Earlier this year, the FDA announced that they were creating a pre-certification pilot program under its Digital Health Innovation Action Plan and would announce a select group of companies who would pilot the program.
During his keynote at the AdvaMed MedTech Conference, FDA Commissioner, Scott Gottlieb, M.D. announced the 9 companies chosen to be part of the pilot program out of over 100 applicants.
- Johnson & Johnson
What is goal of the program?
The FDA has had an image problem when it comes to approval timelines. With the iterative nature of software development, slow approval would be prohibitive to many companies, like Apple, who have the ability to develop life changing products for consumers. Therefore, a change to the FDA processes was necessary in order to fuel healthcare innovation with digital software.
The companies participating in the pilot program are going to help the FDA make these necessary changes and narrow down "key metrics and performance indicators for precertification" with regard to a company's digital health software.
Some of the key metrics and indicators looked at under the pilot are to inspect pilot companies facilities to ensure they meet quality standards and have the capabilities to adequately track their products once on the market. Once these companies pass the agency audits, they would be pre-certified and would face a less stringent approval process or potentially not have to go through the FDA approval process at all.
“Our team will be spending the rest of the year working closely with these companies to deepen our understanding of their technologies and their operations and methodologies,” Gottlieb told attendees during his keynote. “This collaboration is a key part of establishing the proper regulatory framework.”
"Our method for regulating digital health products must recognize the unique and iterative characteristics of these products," said Dr. Gottlieb. "We need to modernize our regulatory framework so that it matches the kind of innovation we’re being asked to evaluate, and helps foster beneficial technology while ensuring that consumers have access to high-quality, safe and effective digital health devices. These pilot participants will help the agency shape a better and more agile approach toward digital health technology that focuses on the software developer rather than an individual product."

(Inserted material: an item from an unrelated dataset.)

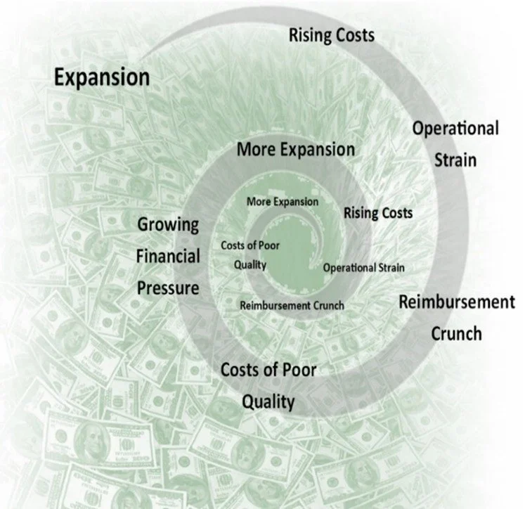 A healthcare system opens multiple urgent care centers and clinics in a region where population growth is limited and competition runs high. Fixed costs—facilities, staffing, equipment, and administrative overhead—rise faster than revenue. Meanwhile, payers continue exercising tighter control over billable services as expansion that was intended to produce growth simply disperses the same patient volume across more buildings and more staff until the math no longer works.

What this means for consumers
Many of us already use wearable devices and apps that track heart rate, yet most of these devices do not have the FDA stamp of approval.
While most of the apps on the market do not require FDA approval, more sophisticated software that allows consumers to track more specific medical conditions will need oversight. This program will allow the FDA to get out in front of a coming wave of software development to monitor and asses medical conditions.
Software is key to this program because the FDA isn't looking at individual devices made by these participating companies. Rather, the FDA will consult with Apple, Fitbit, and others about what aspects should be included in a company's digital health software in order for it to be "pre-certified."
The future of medical devices in healthcare is less about physical products and more about software. The FDA should be applauded for recognizing this.
What this means for companies like Apple?
For one, Apple and other companies will be motivated to develop software now that the process will be more defined.
The motivation wasn't always there for companies like Apple.
For example, Tim Cook previously said that the lengthy FDA approval process was one reason for letting their app partners create more complex medical tracking with the Apple Watch.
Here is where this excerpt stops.